At The Motley Fool, we poke plenty of fun at Wall Street analysts and their endless cycle of upgrades, downgrades, and "initiating coverage at neutral." So you might think we'd be the last people to give virtual ink to such "news." And we would be -- if that were all we were doing.

But in "This Just In," we don't simply tell you what the analysts said. We'll also show you whether they know what they're talking about. To help, we've enlisted Motley Fool CAPS, our tool for rating stocks and analysts alike. With CAPS, we track the long-term performance of Wall Street's best and brightest -- and its worst and sorriest, too.

What's that sound?
The bullish beat on Accenture (NYSE:ACN) continues to grow louder. Last week, we took a look at how the company's faring after hitting its 52-week high, and whether Goldman Sachs was right to upgrade the stock at that point. (It was.) Now we learn that yet another analyst is hopping aboard the Accenture train, with All-Star analyst Janney Montgomery Scott initiating coverage at "buy" this week.

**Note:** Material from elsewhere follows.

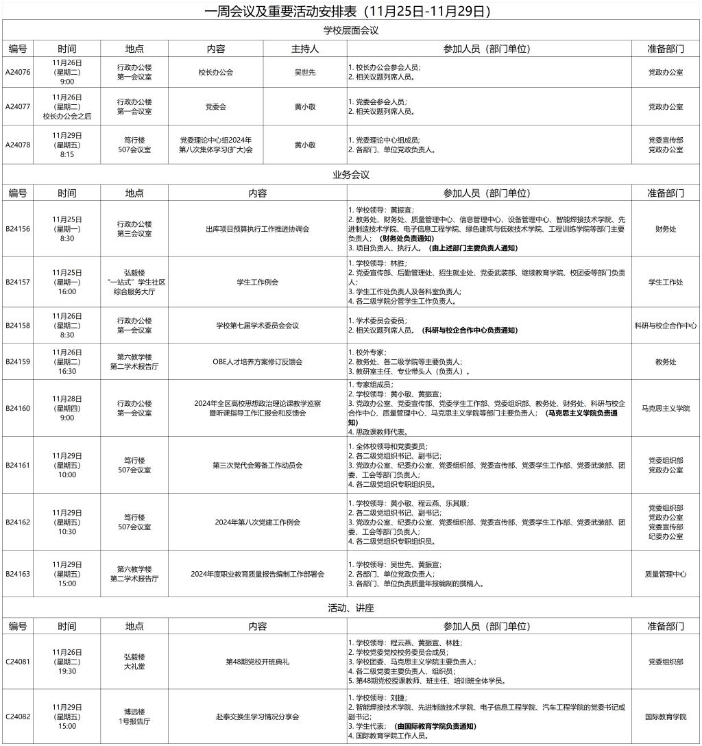 一周会议及重要活动安排表(11月25日-11月29日)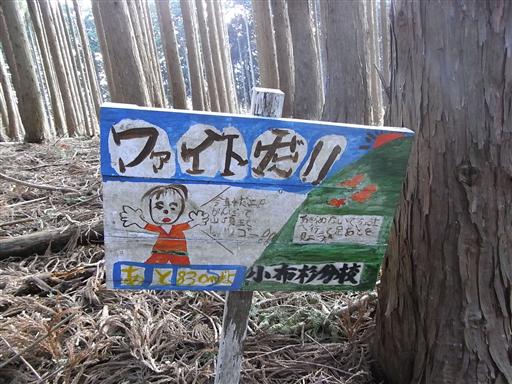 登山道には小学生の書いた励ましの言葉があちこちに置かれている。

Janney's bullish beat should sound familiar:

  • Accenture's plan to spend $4.9 billion buying back stock will improve earnings per share-strength for the stock.
  • The company's massive treasure trove of $4.5 billion in cash, bolstered by strong free cash flow of approximately $2.9 billion last year, provides ample funds to conduct the buybacks ...
  • ... while leaving plenty of cash left over to fund a tidy 2% dividend for shareholders.

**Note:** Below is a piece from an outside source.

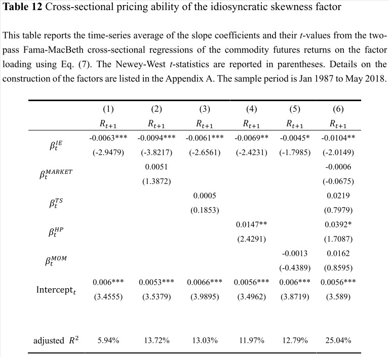 12/ "Investors require compensation for exposure to commodity futures with more negative levels of idiosyncratic skewness. After controlling for traditional risk factors separately or jointly, the price of IE is still negative and significant."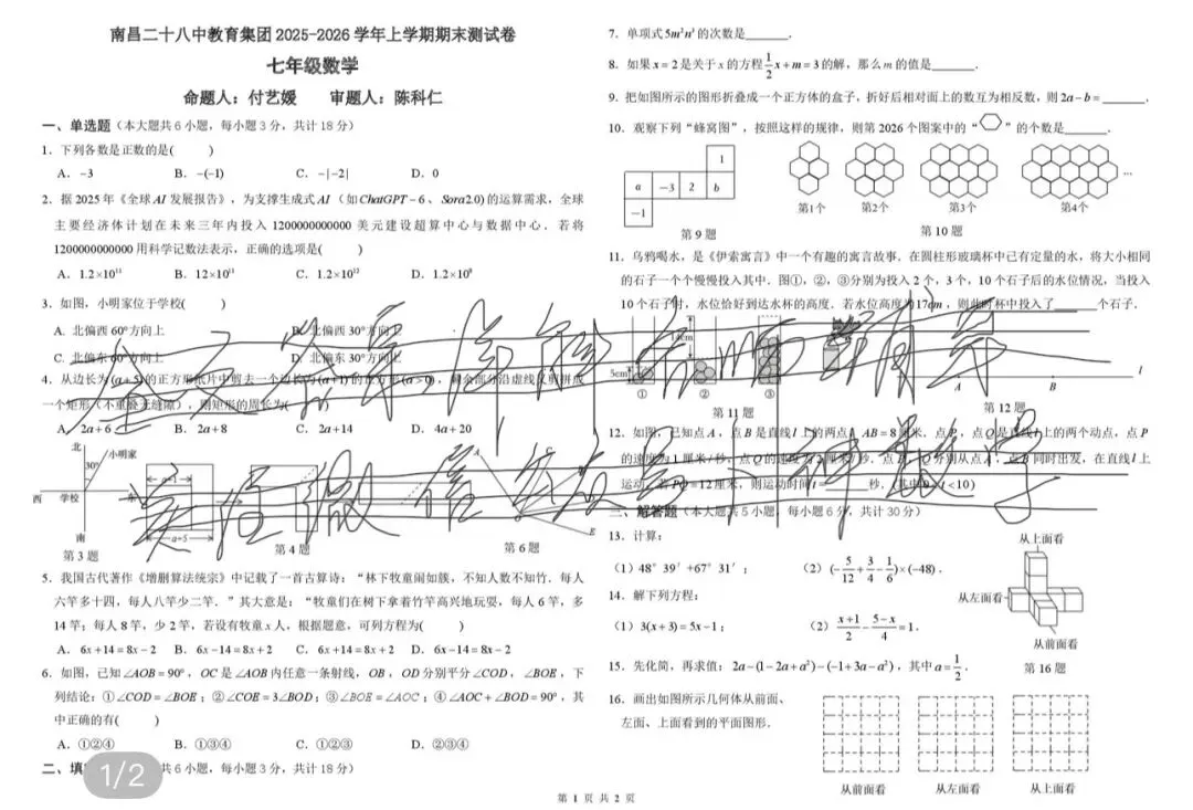 江西省南昌二十八中教育集团2025-2026学年上学期期末测试卷七年级数学

And yet, with Accenture's profits on the wane, Fools may well wonder whether Janney's timing is off on this one. Is now really the time to buy into Accenture, or should we wait until conditions improve a bit first?

Eat, drink, and be Janney
Judging from the analyst's record, I'd be inclined to follow Janney's advice on this one. While it's true that Janney's most successful recommendations tend to hail from the food and entertainment industries ...

Stock

Janney Says

CAPS Says

Janney's Picks Beating S&P by

Green Mountain Coffee (NASDAQ:GMCR)

Outperform

***

252 points

Marvel Entertainment (NYSE:MVL)

Outperform

****

65 points

Netflix (NASDAQ:NFLX)

Underperform

**

16 points

... this banker is no slouch when it comes to picking IT shops either:

Stock

Janney Says

CAPS Says

Janney's Picks Beating S&P by

Wright Express

Outperform

***

112 points

Online Resources

Outperform

***

23 points

Global Payments

Outperform

****

27 points

In fact, Janney currently scores 71% for accuracy in this industry, helping to lift the analyst into the elite top 15% of investors we track on CAPS.

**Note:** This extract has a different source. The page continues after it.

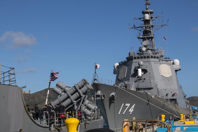 Keywords: Naval Base Guam hosts US-Japanese ships for Multi-sail 2016 160304-N-OG363-029.jpg en APRA HARBOR Guam March 4 2016 The Japanese destroyer JS Kirishima DD-174 sits at Tango Wharf alongside the U S guided missile cruiser USS Chancellorsville CG-62 in Apra Harbor U S Naval Base Guam for a short in-port period prior to the bilateral exercise Multi-Sail 2016 MS-16 Ten total naval surface combatants assigned to the U S and Japanese navies arrived in-port to Apra Harbor increasing the total number of visiting and home-ported vessels at the base to 20 and marked the largest contingent of vessels in Apra Harbor in more than 30 years Released/Jeff Landis Major USMC Ret Director of Public Affairs/Communications Naval Base Guam <br>Unit U S Naval Base Guam 2016-03-04 Jeffrey Landis https //www dvidshub net/image/2465669/naval-base-guam-hosts-us-japanese-ships-multi-sail-2016 160304-N-OG363-029 2016-03-16 03 21 APRA HARBOR GU PD-USGov-Military-Navy Multi-Sail 2016 Images from DoD uploaded by FĂŚ |

So when Janney tells us that: "Accenture's consulting practice (58% of net revenue) provides the company with a distinct competitive advantage," and that: "Outsourcing revenue (42% of net revenues) should support results over the short term until the consulting practice picks up in calendar 2010," I think there's probably merit in that argument.

After all, there's a reason that global giants from IBM (NYSE:IBM) to Hewlett-Packard (NYSE:HPQ) to Dell (NASDAQ:DELL) and Xerox have been ramping up their presence in consulting and outsourcing -- and it's not because they see an industry in decline. So what is it that everyone seems to like about the IT game? In Accenture's case, I've got a few thoughts:

  • Accenture earns a beefy 12.5% operating margin on its business, and generates simply superb returns on equity -- north of 58%.
  • It also churns out cash by the truckload -- $2.9 billion last year alone, with another $2.1 billion to $2.3 billion projected for this year.
  • Capital requirements are not insignificant, but at less than half the company's reported depreciation and amortization levels, guarantee that this company will generate much more cash -- and most likely, be much more profitable -- than initially meets the eye. And as more and more investors catch on to this fact, this should help boost the stock.

Foolish takeaway
In short, there's a reason that so many of Wall Street's finest analysts like Accenture: Simply put, there's a lot to like about the company.

Me, the thing I like best is the price. Valued at an enterprise value of less than 10 times the amount of free cash flow the company will churn out this year (and remember that by all accounts this will be a "bad" year), yet expected to emerge from the recession and enjoy 13% annual long-term growth, Accenture is priced to move. My advice: Grab your ticket and don't miss this train.